4  Modules for Incremental Spoken Dialogue Systems

4.1  Speech Recognition

In Baumann et al., [2009a] ("Assessing and improving the performance of speech recognition for incremental systems") we examined the output of an ASR component (in our case, the open-source package Sphinx4 Walker et al., [2004]) that we queried for its current hypothesis continuously and concurrently to an ongoing utterance, rather than letting it endpoint (i.e., determine the size of) the utterance. We found that the output was characterised by a high degree of instability, where typically the last word or at most the two last words would often change from one query moment to the next. (A finding that was recently replicated for a different ASR system by Selfridge et al., [2011].)

This being a new field, we had to define metrics that capture the additional dimensions of partiality of output and of timing relative to the partial input (metrics which we later found to be useful for the evaluation of other incremental modules as well). With these metrics in hand, we looked at ways to improve this output. We found that a simple method - increasing the amount of right context allowed to the ASR by letting the incremental output lag behind - increased the stability of the output, but at the cost of reduced timeliness. A more sophisticated method which directly addressed the stability of edits - only passing on those changes that persisted over several query episodes - resulted in a better trade-off of stability and timeliness, and was ultimately what we used in our systems.

(Optimization and evaluation is also discussed in Baumann et al., [2011] ("Evaluation and optimization of incremental processors"), a journal paper that collects and generalises our various attempts at evaluating incremental processors.)

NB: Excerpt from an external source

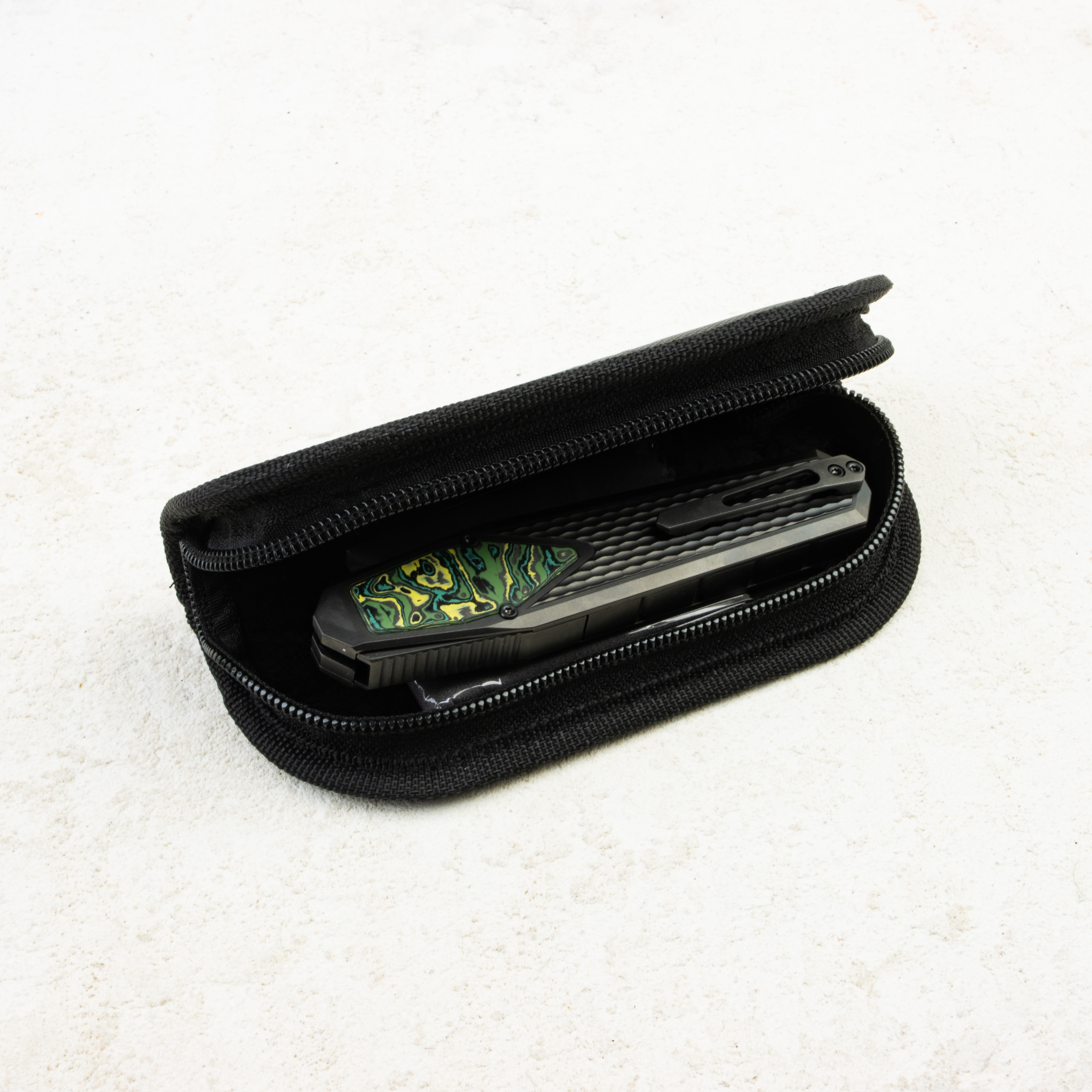 ZL101A6 — чёрный титан с инкрустацией из зелёно-чёрного карбона и чёрным клинком (DLC). Визуально самый «тактический» вариант серии: единый тёмный тон, та же чистая геометрия и гравитационная фиксация.

In Baumann et al., [2009b] ("Evaluating the potential utility of asr n-best lists for incremental spoken dialogue systems") we extended our investigations of incremental ASR to look at the whole n-best list during incremental processing. We found that if we were able to re-rank hypotheses, there would be potential to improve according to our metrics. However, this would come at an enormous computational overhead, as this re-ranking would have to be performed continuously, at every query step. For our own work, we concluded that this was not something that could currently realistically be done.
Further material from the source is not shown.